The FFmpeg Challenge
Naive approach had seeking issues, codec errors, and random failures:
ffmpeg -ss START -i video.mp4 -t DURATION output.mp4 # ❌ Unreliable
Claude's two-step solution:
Step 1: Stream-copy segment (instant, no decoding)
ffmpeg -ss START -i video.mp4 -t DURATION -c copy segment.mp4
Step 2: Re-encode from segment (no seeking needed)
ffmpeg -i segment.mp4 [filters] -c:v libx264 output.mp4
Bypasses all codec issues. For TikTok/Reels, scales video to 9:16 with blurred background.
Real-Time Progress
Before: Submit URL → black box → clips appear 10 minutes later
After: Live updates via SSE:
[████░░░░░░] 40% Analyzing transcript...
[████████░░] 80% Creating clips: 3/5
[██████████] 100% Complete!
Frontend polls /api/jobs/{jobId}/clips every 3 seconds during clip creation. Clips appear as they're generated, not after all are done.
The Buffer Fix
After testing with real podcasts, clips cut off mid-sentence:
- "...and that's why I think—" [CUT]
My prompt:
"New rule: clips should not cut off mid-sentence. Add 10s buffer before and after"
Claude's hybrid solution:
- Updated prompts to teach LLM about natural boundaries
- Applied post-processing buffer
- Clamped to video duration
buffered_start = max(0.0, start_time - buffer_before) # 10s before
buffered_end = min(end_time + buffer_after, video_duration) # 10s after
Result: Perfect clip boundaries. Implementation took 3 hours, 5 files modified.
Tech Stack
Backend: FastAPI + SQLAlchemy Async
- FastAPI for async/await and SSE streaming
- SQLite via
aiosqlite(single file, no server) - Pydantic validation built-in
Frontend: Next.js 15 + shadcn/ui
- Server Components for fast initial render
- Dynamic routing (
/jobs/[id]) - API proxy (
/api/*→ backend:8000) - shadcn/ui for accessible components
Pipeline: 6 Steps
1. Fetch metadata (yt-dlp)
2. Extract transcript (YouTube captions)
3. Detect highlights (Claude 2-phase)
4. Download video (yt-dlp)
5. Create clips (FFmpeg → Supabase)
6. Notify (Slack, Airtable)
What Got Built
Core:
- YouTube download, transcript extraction, AI highlight detection
- Video clip creation (vertical or original)

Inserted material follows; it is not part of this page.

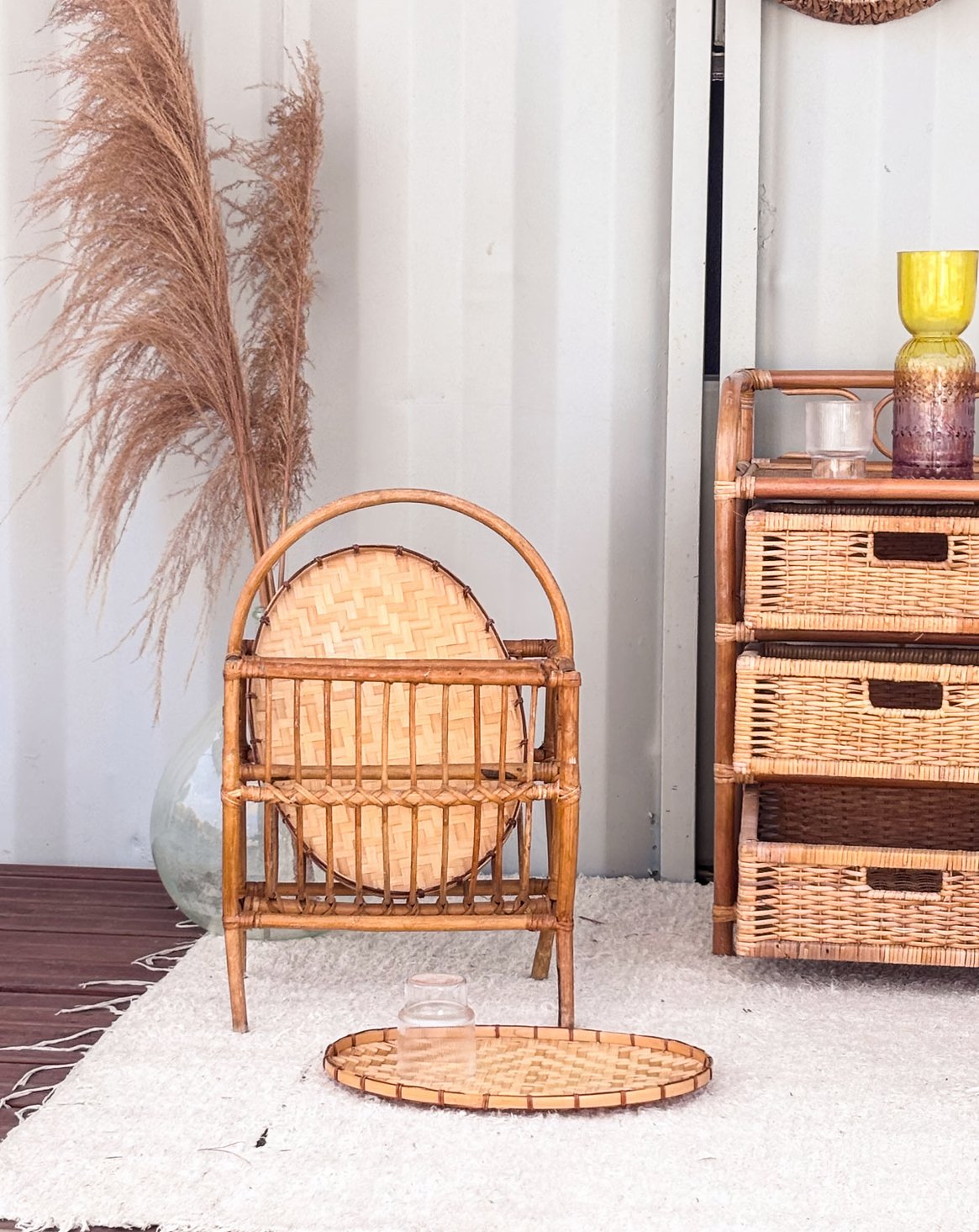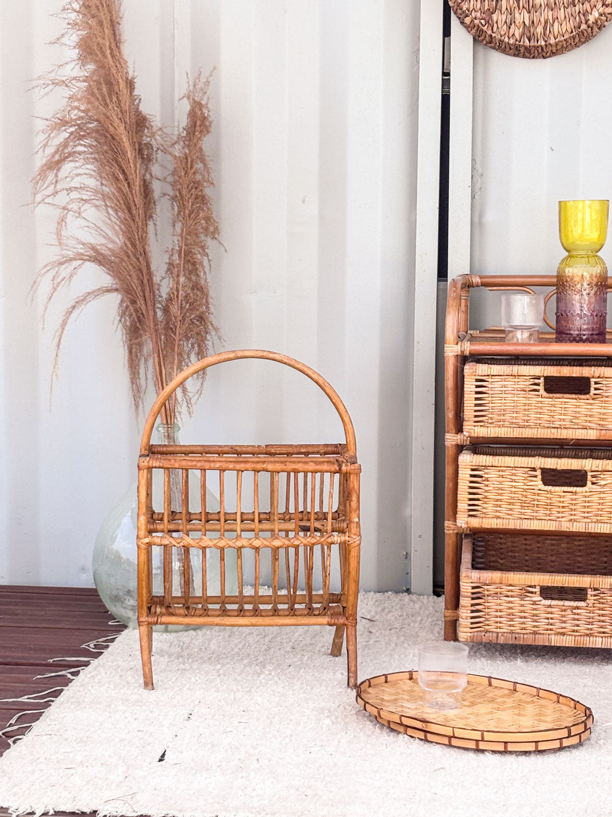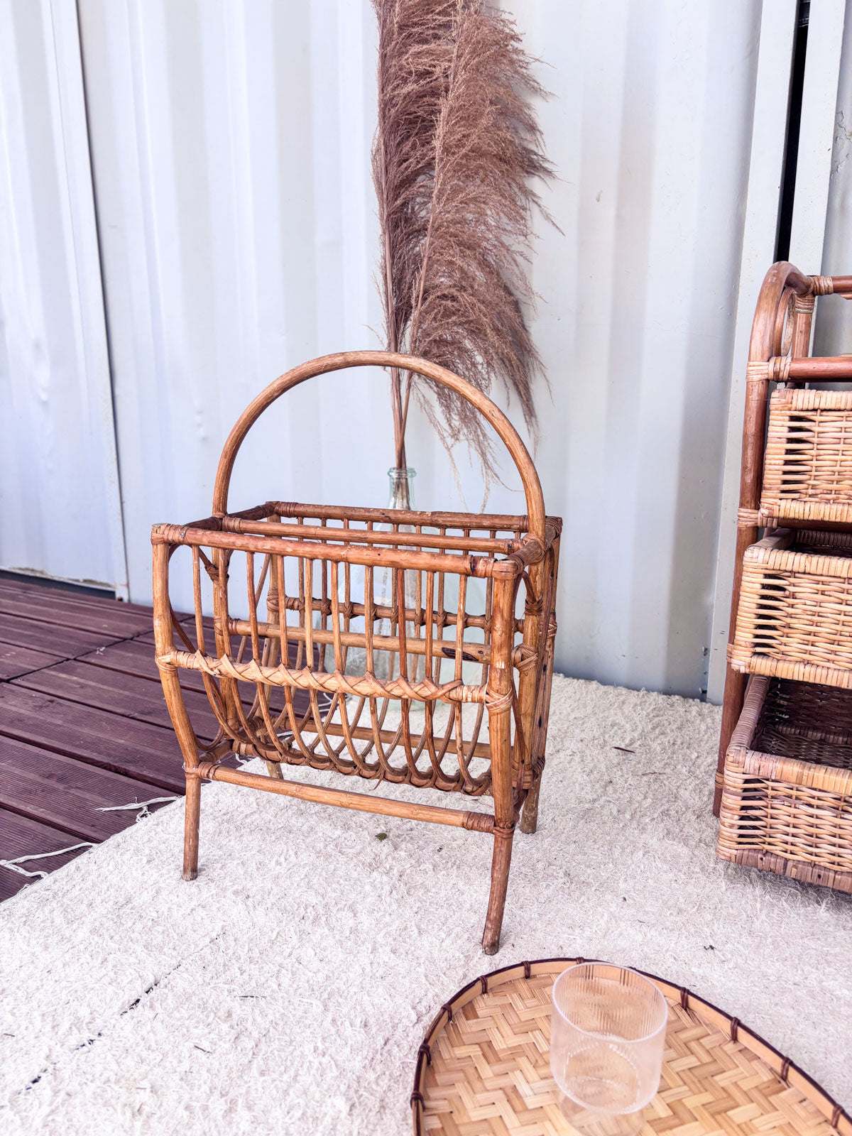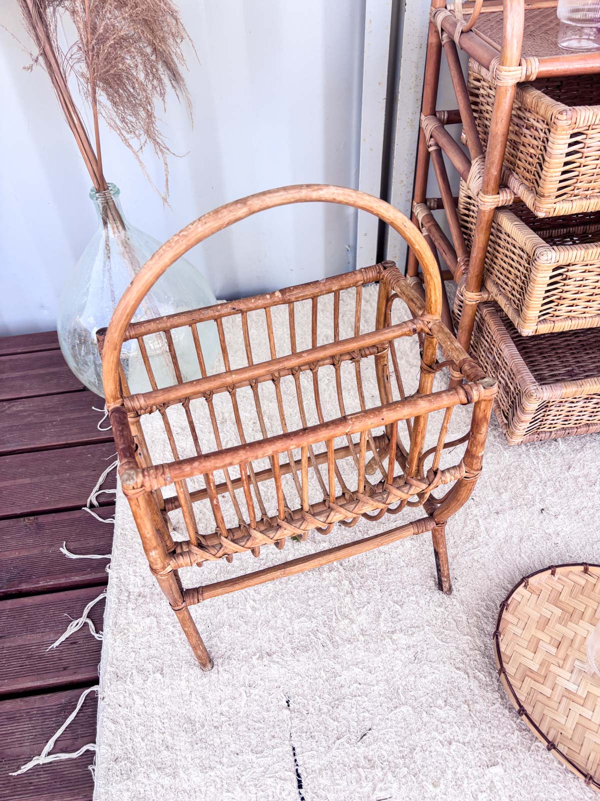 Ajoutez une touche rétro à votre intérieur avec ce porte-revues en rotin vintage. Fabriqué avec soin, il allie élégance et fonctionnalité, offrant un rangement pratique pour vos magazines et livres préférés. Son design en rotin tressé apporte chaleur et authenticité à votre décoration, tout en étant léger et facile à déplacer. Parfait pour un salon ou une chambre, ce porte-revues est un incontournable pour les amateurs de style vintage.

- Cloud storage (Supabase S3)
Interface:
- URL submission, live progress, clip gallery
- Job detail pages, library browser
Metadata:
- Virality scores, hooks, quotes, energy levels
- Scroll-stoppers, interstitials, dual captions
Production:
- Docker, Railway deployment
- Error handling, migrations
Performance: 5-10 minutes for 2-hour podcast
- Metadata: ~2s
- Transcript: ~5s
- Highlights: ~2-3m (LLM)
- Download: ~1-2m
- Clips: ~2-3m (parallel)
What I Learned About AI-Assisted Development
The split that worked:
- I owned domain knowledge (what makes clips viral), requirements, and design constraints
- Claude handled architecture patterns (SSE, async bridge, two-phase LLM), implementation, and edge case discovery (bounds checking, codec issues)
Key lesson: Start with architecture, not code. Give clear constraints ("Use shadcn/ui" > "make it look good"). Test with real data — the AI won't catch mid-sentence cutoffs until you report them.
Memory continuity: Claude Code maintained project patterns in MEMORY.md. When I started the buffer enhancement session 3 days later, it knew the project structure, referenced files by path, and followed existing patterns. No ramp-up needed.
Metrics
- Time: ~12 hours of active work across 3 days (vs estimated 3-5 days solo)
- Speedup: ~6-10x
- Code: 2,600 lines of production code
- Stack: 8 technologies seamlessly integrated
- Cost: $0.60 per video processed
The shift: Building with Claude Code changed my question from "Can I build this?" to "Should I build this?"
The limiting factor is no longer technical implementation—it's product vision and user understanding.
Appendix: The Co-Authored Commit
commit e33514e22dee45a45a068cf62b5a20e579f318f1
Author: 0xan000n <0xan000n@protonmail.com>
Date: Tue Feb 10 21:22:12 2026 -0800
Initial commit: PodClip — YouTube viral clip extractor
Co-Authored-By: Claude Opus 4.6 <noreply@anthropic.com>
36 files changed, 2641 insertions(+)
One commit, two authors. A snapshot of what human-AI collaboration looks like in practice.